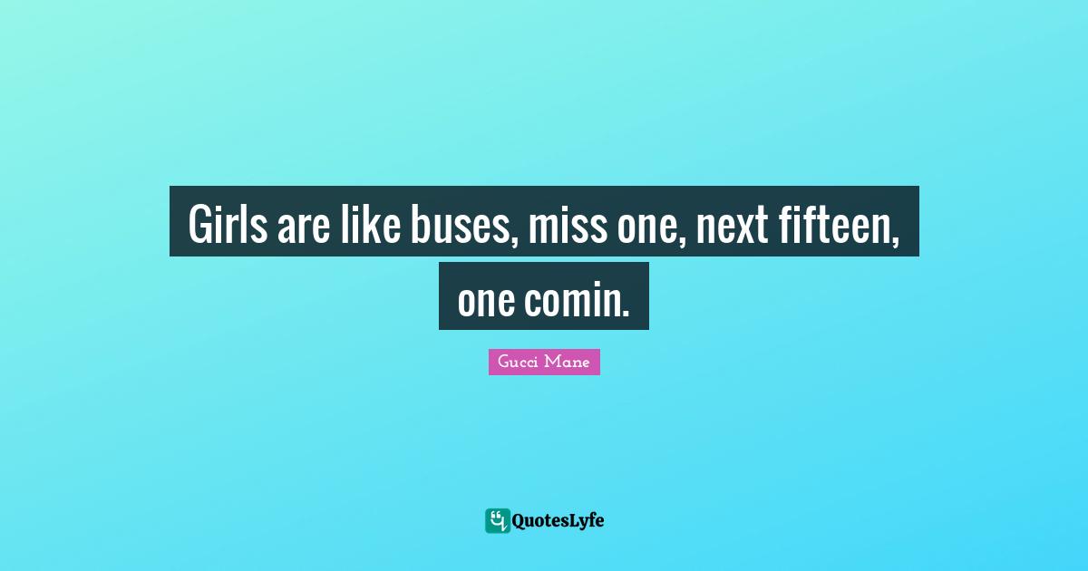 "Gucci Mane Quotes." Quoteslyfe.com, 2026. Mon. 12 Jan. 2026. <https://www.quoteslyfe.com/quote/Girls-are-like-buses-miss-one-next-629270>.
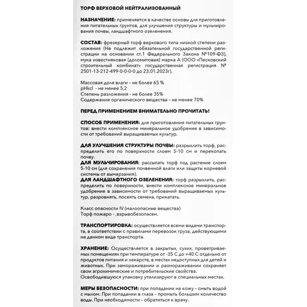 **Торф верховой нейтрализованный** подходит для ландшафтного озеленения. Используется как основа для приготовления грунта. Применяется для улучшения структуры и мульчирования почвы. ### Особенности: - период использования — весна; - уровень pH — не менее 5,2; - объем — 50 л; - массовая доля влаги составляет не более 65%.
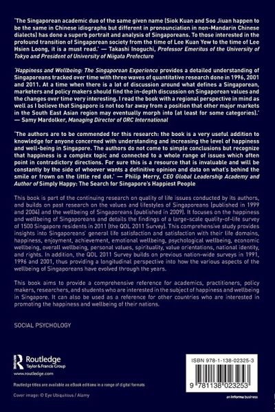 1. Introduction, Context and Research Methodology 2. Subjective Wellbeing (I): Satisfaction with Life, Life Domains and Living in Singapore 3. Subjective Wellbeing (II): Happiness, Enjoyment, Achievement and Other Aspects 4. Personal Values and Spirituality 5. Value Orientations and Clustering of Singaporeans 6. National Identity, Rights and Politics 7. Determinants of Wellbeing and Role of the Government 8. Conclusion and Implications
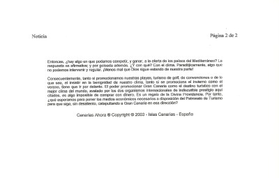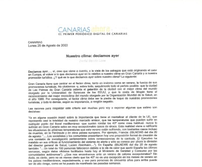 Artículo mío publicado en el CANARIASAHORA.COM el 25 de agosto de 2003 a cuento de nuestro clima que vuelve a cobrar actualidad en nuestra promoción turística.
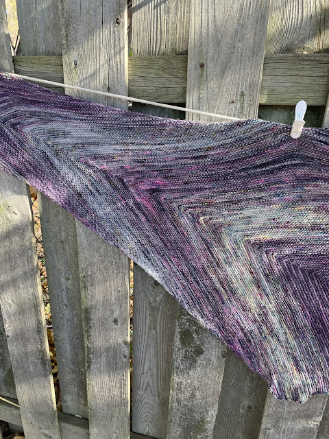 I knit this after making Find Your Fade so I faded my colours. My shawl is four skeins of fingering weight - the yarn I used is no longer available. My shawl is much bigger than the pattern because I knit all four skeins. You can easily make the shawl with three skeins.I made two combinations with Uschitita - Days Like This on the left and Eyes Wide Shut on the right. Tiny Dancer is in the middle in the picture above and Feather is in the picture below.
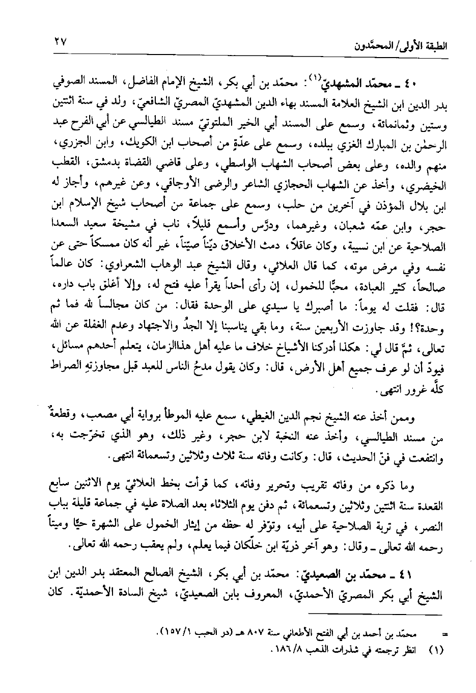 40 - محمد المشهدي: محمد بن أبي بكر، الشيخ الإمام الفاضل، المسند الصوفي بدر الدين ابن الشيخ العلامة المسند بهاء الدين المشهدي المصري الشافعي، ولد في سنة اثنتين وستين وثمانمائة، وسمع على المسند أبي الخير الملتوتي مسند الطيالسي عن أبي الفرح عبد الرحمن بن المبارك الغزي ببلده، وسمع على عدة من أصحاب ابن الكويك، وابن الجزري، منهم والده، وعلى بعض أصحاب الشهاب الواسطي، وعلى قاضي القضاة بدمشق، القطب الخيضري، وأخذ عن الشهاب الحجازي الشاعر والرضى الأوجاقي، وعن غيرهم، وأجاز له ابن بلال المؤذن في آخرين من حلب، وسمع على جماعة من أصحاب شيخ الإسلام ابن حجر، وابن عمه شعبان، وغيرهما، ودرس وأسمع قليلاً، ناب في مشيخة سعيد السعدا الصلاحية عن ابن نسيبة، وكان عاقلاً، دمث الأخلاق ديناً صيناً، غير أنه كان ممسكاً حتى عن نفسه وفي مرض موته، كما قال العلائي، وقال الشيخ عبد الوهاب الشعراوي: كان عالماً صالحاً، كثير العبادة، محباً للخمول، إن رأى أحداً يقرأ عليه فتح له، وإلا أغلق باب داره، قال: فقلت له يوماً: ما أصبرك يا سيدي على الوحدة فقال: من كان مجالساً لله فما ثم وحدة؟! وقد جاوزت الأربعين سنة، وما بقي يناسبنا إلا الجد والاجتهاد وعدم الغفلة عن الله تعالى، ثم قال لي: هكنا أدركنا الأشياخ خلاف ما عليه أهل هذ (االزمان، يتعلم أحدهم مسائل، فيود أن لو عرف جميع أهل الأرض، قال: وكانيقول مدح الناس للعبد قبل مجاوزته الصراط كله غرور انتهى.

------

Print only the lines from the opening line of the listing to the line containing "не более 65%.", inclusive, exactly as they appear and without pictures.

▶ **RESULT OF THE TASK**
 "Gucci Mane Quotes." Quoteslyfe.com, 2026. Mon. 12 Jan. 2026. <https://www.quoteslyfe.com/quote/Girls-are-like-buses-miss-one-next-629270>.
 **Торф верховой нейтрализованный** подходит для ландшафтного озеленения. Используется как основа для приготовления грунта. Применяется для улучшения структуры и мульчирования почвы. ### Особенности: - период использования — весна; - уровень pH — не менее 5,2; - объем — 50 л; - массовая доля влаги составляет не более 65%.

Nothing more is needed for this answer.